What I didn’t realize at a young age was that the structure of my legs was what it was and there were millions of girls with that same structure. They just didn’t show up in cool magazines, hanging off the arm of an up and coming rock star. Or maybe they did but their legs were crossed or positioned in such a way that their deformity didn’t show.

I continued to put on a brave face and wear normal clothes, even baring some thigh skin on occasion but I always checked the legs of those around me. As I got a little older I busied myself with extra-curricular activities in hopes I would find my thighs a safe home. Drama club, sports, keyettes, homecoming committee. When I was involved in a sport or otherwise occupied I didn’t give them much thought, but when I was lined up with other girls my age for a swim team photo or soccer composite, I always glanced from leg to leg to see if mine were thinner than at least one other person’s.

When I look back at photos of myself now, I see how ridiculous I was, but at the time it was all so true for me. Today my thighs continue to refuse to conform to the photoshopped, super model ideal I have set for them. And they’ve picked up a few bad habits; spider veins, a little extra cushion, skin that’s lost a bit of its elasticity and of course a few well-earned scars. So they remain mostly hidden.

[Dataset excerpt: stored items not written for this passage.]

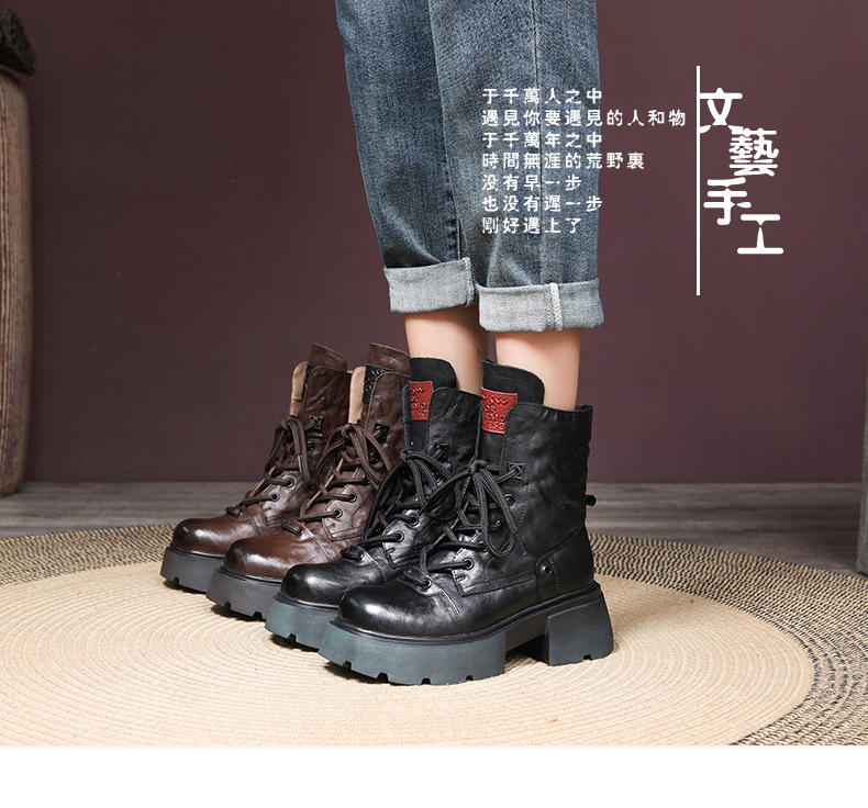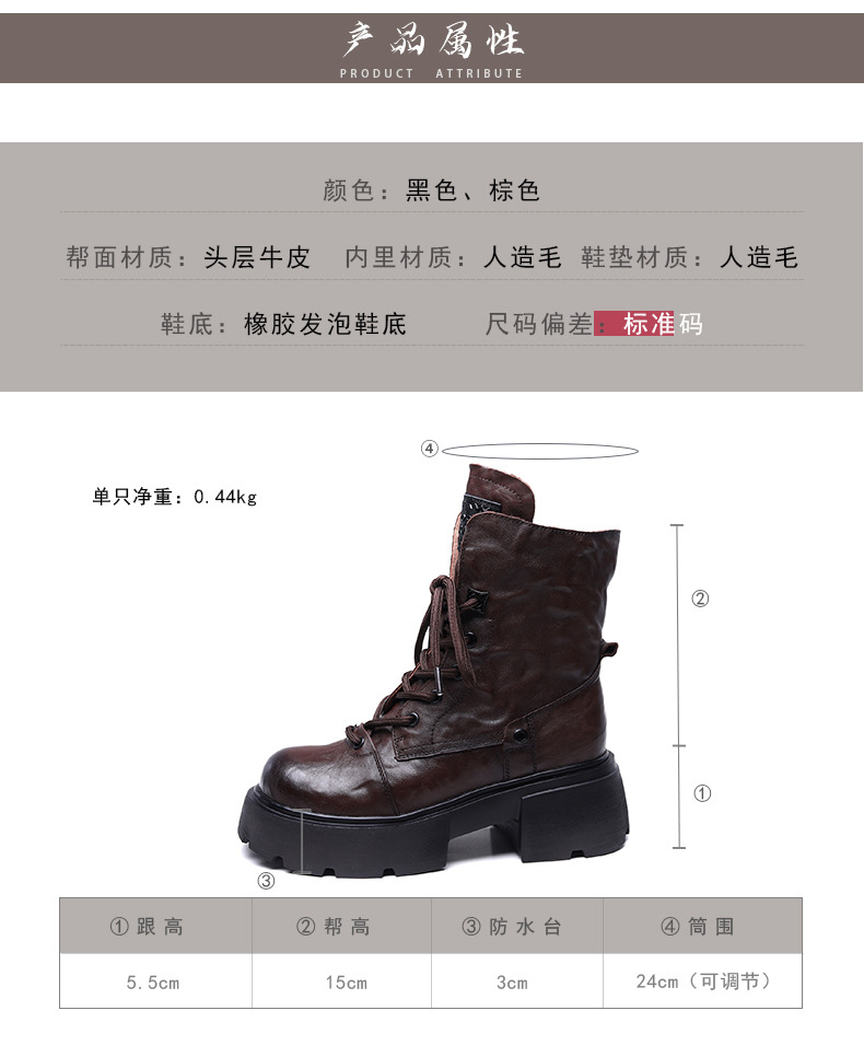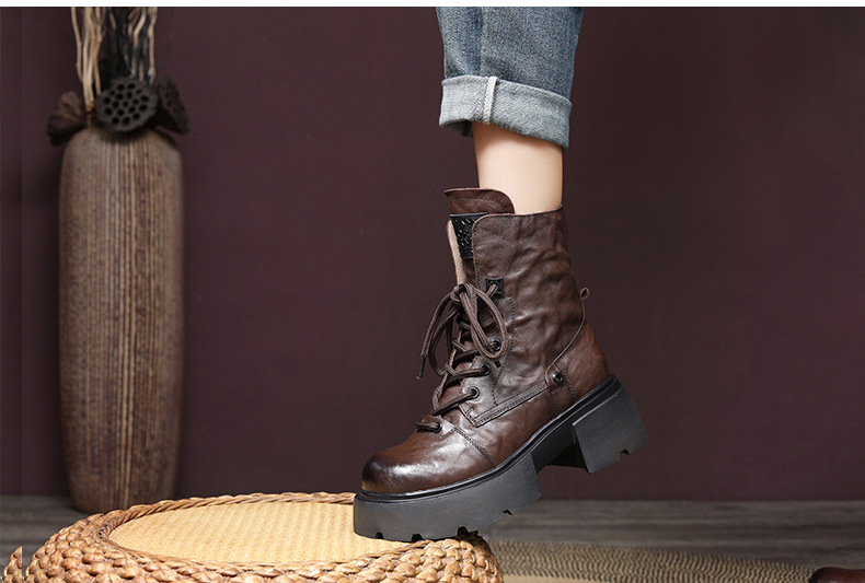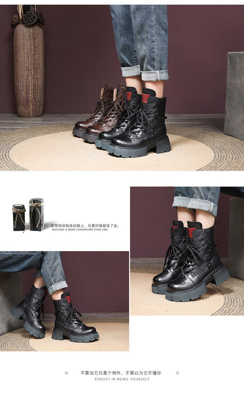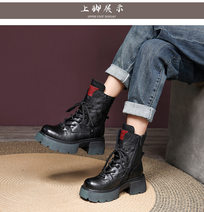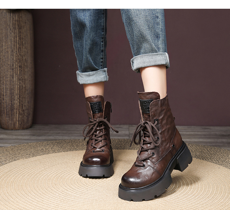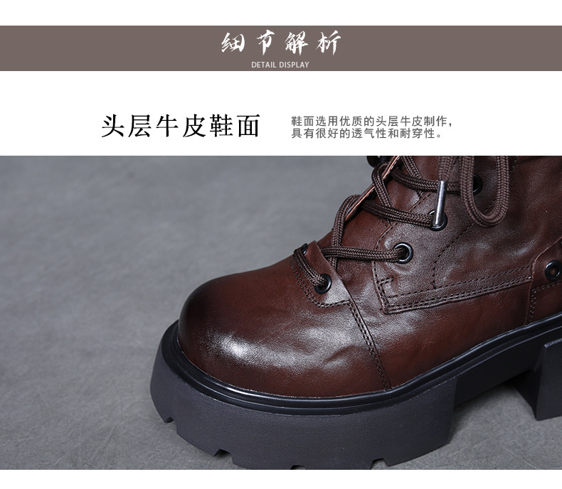 2024 겨울 새로운 첫 번째 레이어 소 가죽 두꺼운 바닥 두꺼운 힐 작은 측면 지퍼 마틴 부츠 기모 따뜻한 면화 부츠스토어 가기
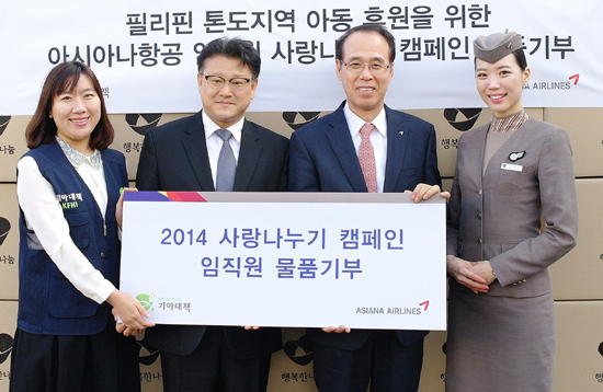 [천지일보=유영선 기자] 아시아나항공이 12일 서울 강서구 오쇠동 아시아나타운에서 기아대책 본부에 필리핀 빈민 아동을 돕기 위한 ‘사랑 나누기 캠페인’ 기부물품 전달식을 가졌다고 밝혔다.
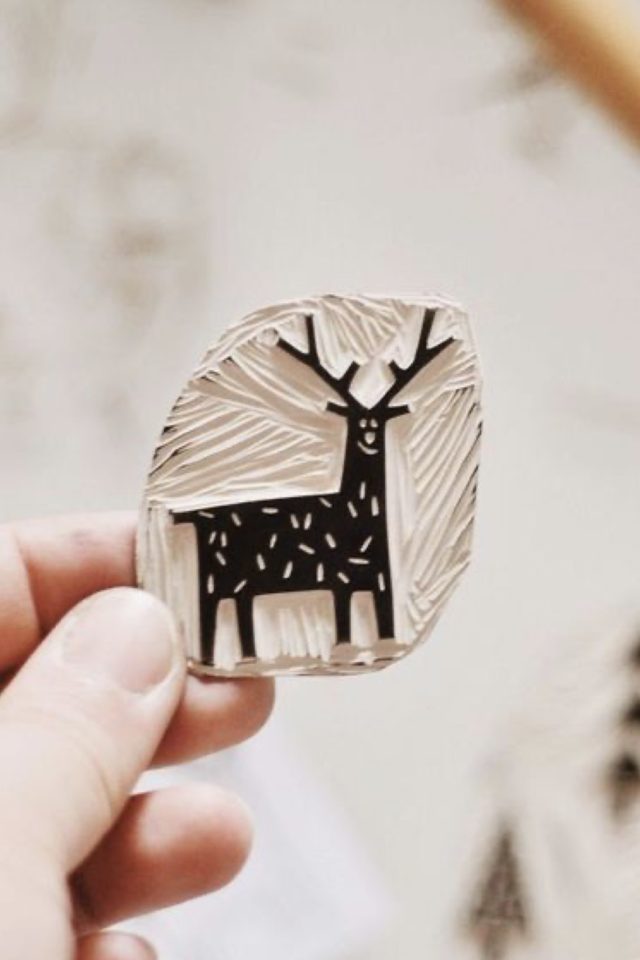 Comme mes amies ont des enfants, j'ai envie quand c'est possible d'adapter les loisirs créatifs que je vous propose pour eux. Cela vous donnera peut-être une idée d'activité pour les week-ends pluvieux ou les vacances. La linogravure demande une certaine force dans les mains et des outils qui peuvent être un poil dangereux dans les mains des petits. Néanmoins, on peut s'inspirer de cette technique pour faire des tampons avec les enfants. Pour remplacer la plaque de lino, il y a les gommes (celles qui effacent, qu'on a dans les trousses d'école) ou encore la pomme de terre. Demandez à votre enfant de dessiner directement sur la gomme des formes simples puis aidez-les à découper cette gomme avec un couteau rond. Les détails seront à découper avec un cutter si vous n'avez pas de matériel de gravure et donc il est préférable de le faire vous-même pour que votre enfant ne se blesse pas. Ensuite, il suffit d'appliquer de la peinture sur la gomme et de s'en servir comme tampon.

Then I see women, whose thigh circumferences far surpass my own, with cellulite and all, wearing short shorts or cute little skirts. And I don’t judge. In fact, I’m a little jealous. And then I have a realization. It just doesn’t matter. The only person that cares about the shape of my thighs is me. I’m the only one who is keeping track of how big or small, firm or not they are or have been. Those who ARE judging my thighs are the ones who have the insecurities. I should know. I am them.

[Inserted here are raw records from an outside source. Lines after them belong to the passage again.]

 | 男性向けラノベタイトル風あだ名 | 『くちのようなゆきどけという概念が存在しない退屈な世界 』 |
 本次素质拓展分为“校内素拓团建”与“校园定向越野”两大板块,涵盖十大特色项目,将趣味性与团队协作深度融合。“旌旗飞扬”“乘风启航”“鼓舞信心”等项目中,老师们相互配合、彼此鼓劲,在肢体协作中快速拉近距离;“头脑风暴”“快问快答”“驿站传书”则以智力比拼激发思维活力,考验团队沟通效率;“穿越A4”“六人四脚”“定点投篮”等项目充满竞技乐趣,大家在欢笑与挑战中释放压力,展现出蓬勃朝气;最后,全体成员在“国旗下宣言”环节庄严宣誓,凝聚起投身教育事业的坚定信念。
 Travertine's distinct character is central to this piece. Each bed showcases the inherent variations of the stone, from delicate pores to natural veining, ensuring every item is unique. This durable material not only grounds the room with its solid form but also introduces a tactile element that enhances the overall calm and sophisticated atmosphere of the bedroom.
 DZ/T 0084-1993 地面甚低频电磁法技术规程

They wonder if their own thighs look better. Or could there’s end up like mine and what kind of life would that be? They wonder who could love a woman with thighs like mine and thank God they have a husband, boyfriend, girlfriend, wife, children or friends who would never judge. Yes, thank God.

Oh the irony. All over a body part gifted to the soul that inhabits it.

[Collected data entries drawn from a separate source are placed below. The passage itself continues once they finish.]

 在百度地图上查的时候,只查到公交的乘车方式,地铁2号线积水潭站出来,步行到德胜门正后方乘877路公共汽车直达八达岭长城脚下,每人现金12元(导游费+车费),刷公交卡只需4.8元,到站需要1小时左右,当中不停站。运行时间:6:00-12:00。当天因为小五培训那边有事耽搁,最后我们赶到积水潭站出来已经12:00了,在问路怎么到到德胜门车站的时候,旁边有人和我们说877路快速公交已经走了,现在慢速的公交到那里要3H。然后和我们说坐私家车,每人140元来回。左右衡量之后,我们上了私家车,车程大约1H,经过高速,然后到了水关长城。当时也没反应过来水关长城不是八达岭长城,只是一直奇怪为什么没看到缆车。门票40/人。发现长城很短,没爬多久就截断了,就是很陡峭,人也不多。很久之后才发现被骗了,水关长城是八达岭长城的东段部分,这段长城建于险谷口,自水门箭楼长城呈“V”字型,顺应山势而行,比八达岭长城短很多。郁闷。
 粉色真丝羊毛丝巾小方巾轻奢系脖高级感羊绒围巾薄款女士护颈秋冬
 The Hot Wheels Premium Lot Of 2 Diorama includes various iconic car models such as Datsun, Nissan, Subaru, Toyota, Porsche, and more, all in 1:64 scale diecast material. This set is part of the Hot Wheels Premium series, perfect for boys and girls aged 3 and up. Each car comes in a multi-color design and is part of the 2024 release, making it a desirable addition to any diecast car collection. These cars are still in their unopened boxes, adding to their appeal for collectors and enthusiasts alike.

At some point in my young adult life I learned it was rude to refuse a gift from anyone. Yet daily I, and let’s be honest, you, refuse the gift of life in one way or another. This body, and even these thighs, are here and this way to help me do whatever work I am here to do, to help move humanity forward. And that’s really why we’re all here. On some level you already know that. You know that worrying about the size of any body part is distraction from your real work. In fact the size of whatever body part you’re consumed with may be the doorway into your soul’s work.

If a 300 pound woman wearing a bikini pushes a beached dolphin back into the ocean, does the dolphin notice her rolls of fat? If a 98 pound woman lifts a car off a pinned child, do the parents comment on her scrawny stature? If a 175 pound woman with big thighs loves even a small portion of humanity back to health, will there be an editorial about her weight?

It’s all subjective. My thighs will never look like a speed skaters or a ballerinas. Nor will they ever look like Heidi Klum’s. They look like mine. And my mom’s and my grandma’s. They’ve looked like this for most of my adult life and they’re not going anywhere, so I’ll just have to embrace them. Be extra kind to them while slathering nourishing exotic lotions on them. Take them on more walks; they really like walks, especially hills. Dip deep in Warrior postures.

And dance, oh how they love to dance!